En contraposición a la perspectiva recién comentada, Hooke creía que la Tierra y sus formas vivientes poseen una historia hecha de cambios continuos, debida a una sucesión de catástrofes: la acción de los vientos y las lluvias, el ritmo de los ríos y las mareas, las piedras y el suelo sometidos a la acción descendente de la gravedad, y los movimientos de tierra y las erupciones, que empujan en sentido opuesto. A partir de la presencia de fósiles marinos en rocas de montaña, Hooke concluye que la corteza terrestre sufrió drásticas alteraciones: Una gran parte de la superficie terrestre ha sido transformada desde la Creación y alterada en su naturaleza; digamos que muchas partes que han sido mar ahora son tierra; y a la inversa, otras que ahora son mar fueron tierra firme; hubo montañas que han sido transformadas en planicies y planicies en montañas y así siguiendo. Igual que Steno, Hooke adaptó su teoría a la cronología bíblica, de modo que la historia sagrada, la historia de la Tierra y la del hombre compartían una misma escala temporal. Este esquema lo empujó a adoptar una hipótesis controvertida: a partir de la magnitud de las alteraciones observadas, supuso que en los inicios del mundo la corteza terrestre había sido más maleable y había estado sometida a cambios de mayor intensidad que en los períodos más recientes. Si bien Hooke estaba convencido del origen orgánico de los fósiles, no encontró en los procesos conocidos –cristalización, precipitación, compresiones intensas sobre substancias salinas o sulfurosas– una explicación de la fosilización, fenómeno que, por algún misterioso camino, se habría mostrado capaz de actuar en contra del inexorable principio de la degradación o putrefacción de las sustancias orgánicas.

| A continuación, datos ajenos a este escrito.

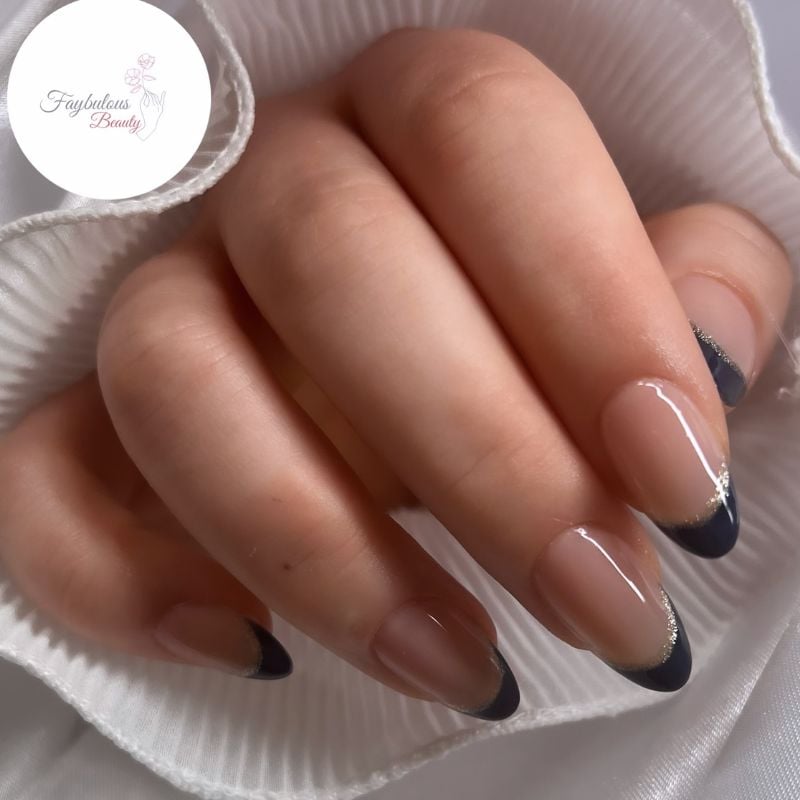 Almond nude nails with deep navy French tips outlined in silver glitter feel sleek and modern, perfect for midnight blue, silver, or black dresses with cool-toned smoky eyes.
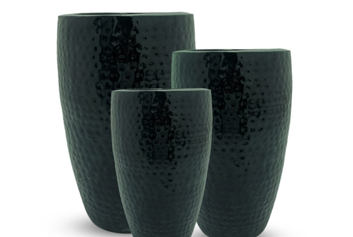 The Midnight Black Glossy Tall Curve Planter is a bold and modern planter crafted from durable mild steel. It features a tall, curved silhouette with a glossy black hammered finish that adds a refined texture and dramatic visual appeal. The sleek shape and reflective surface make it a standout piece for a variety of plant arrangements.
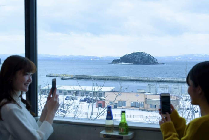 東北エリアの旅行は自家用車やレンタカーでの移動が主流ですが、ローカル鉄道で旅行することで、車窓からの景色のすばらしさを再発見できます。三沢市から青森市に向かう途中、「浅虫温泉駅」の近くに差し掛かると、陸奥(むつ)湾と、湾内にある夏泊(なつどまり)半島の冬景色が一望できます。線路が車道よりも高い位置にあるため見ることができる絶景です。
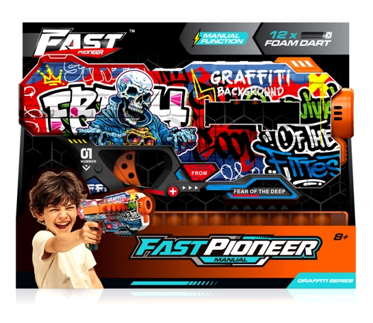 Ručni pištolj Fast Pioneer donosi pouzdanu i sigurnu akcijsku zabavu za djecu i početnike. Zahvaljujući mehanizmu na povlačenje ne zahtijeva baterije, pa je uvijek spreman za akciju. Pjenasti meci nježni su prema namještaju i sigurni za igru s prijateljima.
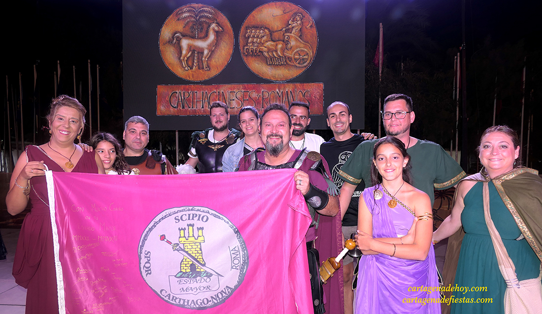 El Estado Mayor Romano y la Hermandad de la Bona Dea quisieron poner el broche a los dos años en que Javier Argudo y María Montserrat Robira han encarnado los personajes de Escipión y Emilia Paula obsequiándoles con una bandera del colectivo en señal de reconocimiento y gratitud, la cual fue entregada tras el apagado del fuego sagrado. Antes, cuando empezaron las fiestas, el general lució una capa que también le regalaron y en la que figuraban los nombres de los integrantes del Estado Mayor.
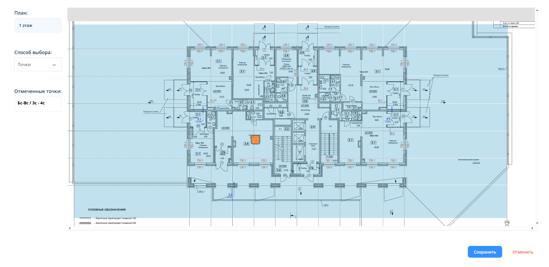 После этого откроется план, на котором необходимо указать точку или сектор, таким образом обозначив область приемки.
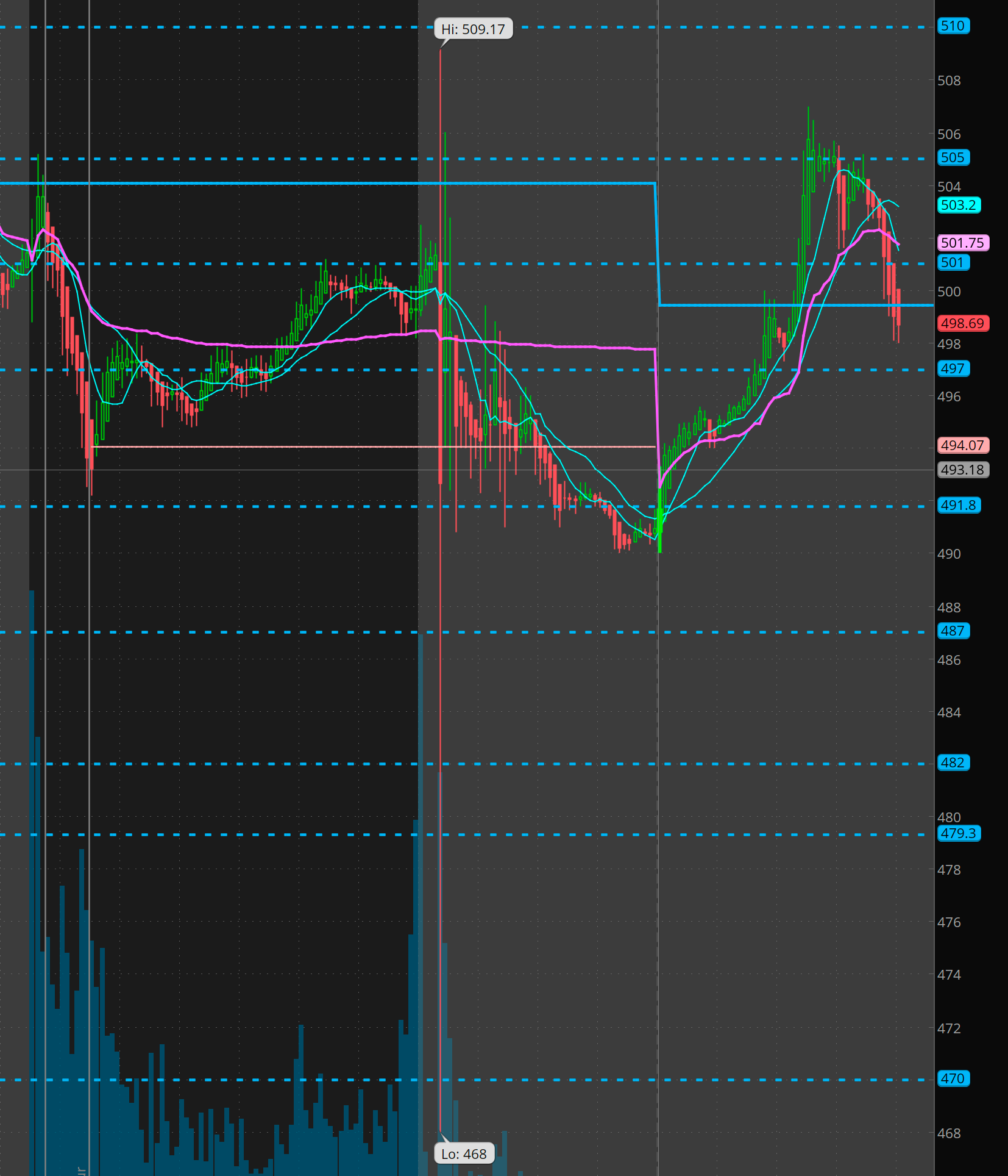 NVDA had a strange panic yank/candle down into 470 that was quickly bought up. Overall the results were impressive but then why the dip? Likely lopsided positioning or not as impressive as many hoped and when demand didn’t show up, selling triggered. That said the dip into 490-492 was bought and NVDA got back over 500 in premarket.
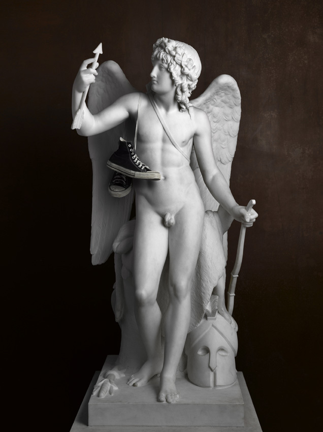 (Eine ironische Ergänzung erfuhren diese Attribute im Jahr 2011, als das dänisch-norwegische Künstlerduo Elmgreen & Dragset der Gipsfassung des Amors im Thorvaldsen Museum in Kopenhagen ein Paar Sportschuhe auf die Schulter hängten.)
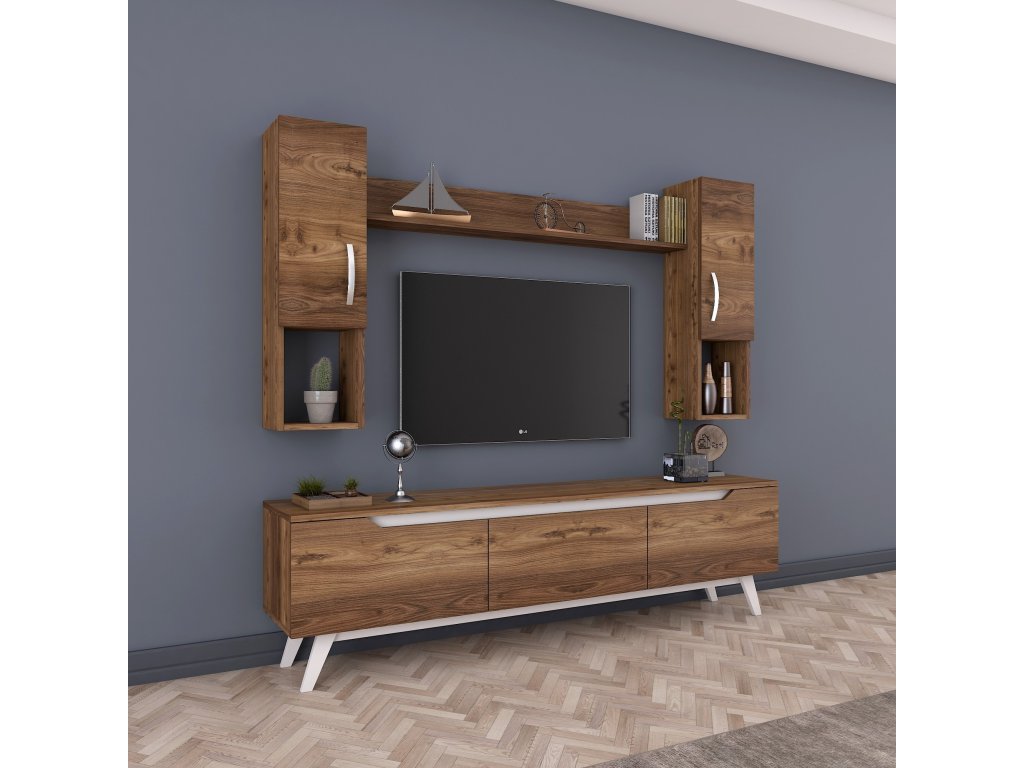 Obývacia stena ROCKET je dokonalou voľbou pre modernú obývaciu izbu. Kombinuje elegantný dizajn v bielej farbe s dekoratívnym orechom, čím dodáva priestoru štýl a útulnosť. Vďaka praktickému usporiadaniu ponúka dostatok úložného priestoru a funkčnosť.
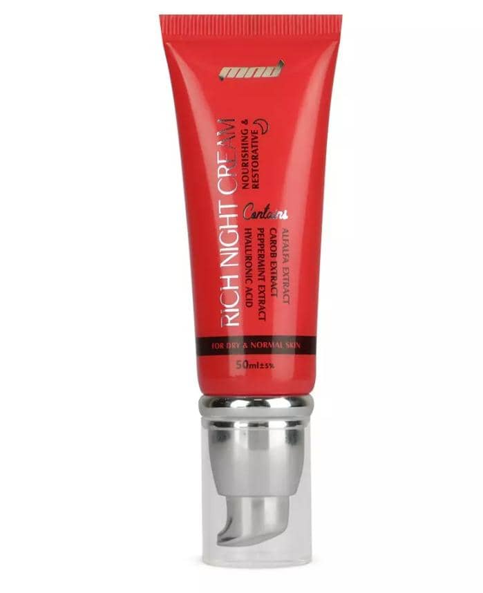 شماره پروانه بهداشتی ساخت: 56/20351 ؛ کرم شب مغذی و تقویت کننده پوست (Rich Night Cream) دارای عصارههای طبیعی خاصی است که سرشار از ترکیبات مفید همچون پلیساکاریدها، فلاوانونها هستند که موجب احیا و جوانسازی پوست خشک و نرمال میشوند.
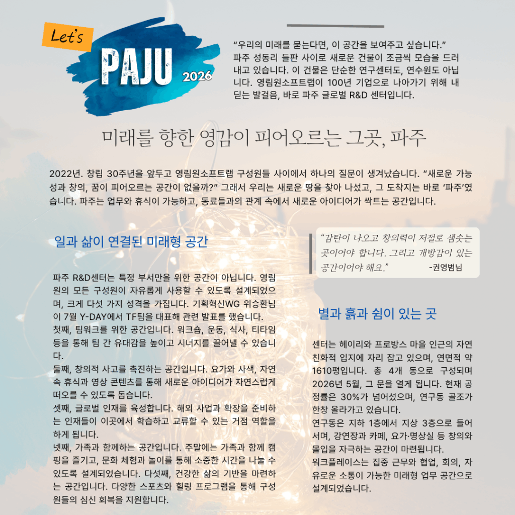 ‘증미역 이야기 맛집’이 네번째 이야기를 가져왔습니다. 영림원소프트랩의 문화 소식지 4호인 2025년 7월 ‘Young.July’ 에 담긴 [Let’s PAJU] 코너입니다. 미래를 향한 영감이 피어오르는 그곳, 파주 “우리의 미래를 묻는다면, 이 공간을 보여주고…

Ávidos de indicios que pudieran arrojar algo de luz sobre el turbio panorama, Hooke, Steno y sus contemporáneos leyeron en las Metamorfosis de Ovidio, en los viajes de Odiseo y de Eneas y en la Atlántida aludida por Platón la crónica de un pasado geológico que mostraba cuánto se había alterado desde aquellos días la geografía del Mediterráneo. Es dentro de este marco donde debe ubicarse la narración de la historia del mundo de Thomas Burnet para que deje de aparecérsenos como una mera fábula de arbitrariedad religiosa y, en cambio, se nos presente como la obra inteligible y coherente que fue.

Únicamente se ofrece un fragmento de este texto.